Common Variations and Edge Cases

Tighter machine identity control often increases operational overhead, requiring organisations to balance stronger governance against release speed and platform autonomy. The right operating model therefore depends on whether identities are long-lived infrastructure accounts, ephemeral build-time tokens, or externally shared credentials.

There is no universal standard for this yet, so current guidance suggests segmenting by risk and lifecycle. Long-lived service accounts usually need the most rigorous ownership and review process because they accumulate privilege over time. Ephemeral workload tokens are better handled through automated issuance and short TTLs, with IGA recording policy exceptions rather than manually approving each request. Third-party and contractor-managed machine identities deserve separate scrutiny because ownership and revocation responsibility can blur across organisations.
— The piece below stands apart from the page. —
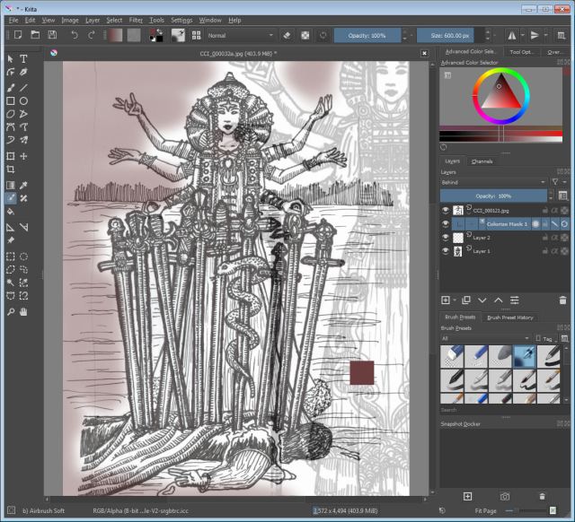 I got my friend and fellow deck creator Jamie Sawyer to show me a couple of basic functions in Krita, like how to select a section on your image, how to select a paint brush, how to select a color, and then how to color in that selected section. And she also showed me how to create layers.

One important edge case is legacy systems that cannot rotate credentials without downtime. In those environments, IGA may need compensating controls such as tighter network boundaries, vault enforcement, and explicit expiration dates. Another is certificate-heavy estates, where certificate lifecycle and identity lifecycle are not always aligned. The practical test is simple: if the organisation cannot answer who owns the machine identity, where it is used, and when it should be retired, the IGA operating model is incomplete. Only 5.7% of organisations have full visibility into their service accounts, which is why this problem persists long after initial clean-up efforts. In real-world programmes, the failure point is usually not issuance but unmanaged drift across repositories, pipelines, and production systems.

Standards & Framework Alignment

This section maps relevant standards and security frameworks to the operational risks and controls described in this guidance.

OWASP Non-Human Identity Top 10 address the attack and risk surface, while NIST CSF 2.0 and NIST AI RMF set the governance and control requirements practitioners need to meet.

Framework Control / Reference Relevance
OWASP Non-Human Identity Top 10 NHI-01 Machine identities need ownership, inventory, and lifecycle control.
NIST CSF 2.0 PR.AC-1 IGA for machines depends on controlled, reviewable access rights.
NIST AI RMF Automated identity decisions for software-run identities need governance.

Map machine identities into access governance and review entitlements with the same rigor as human accounts.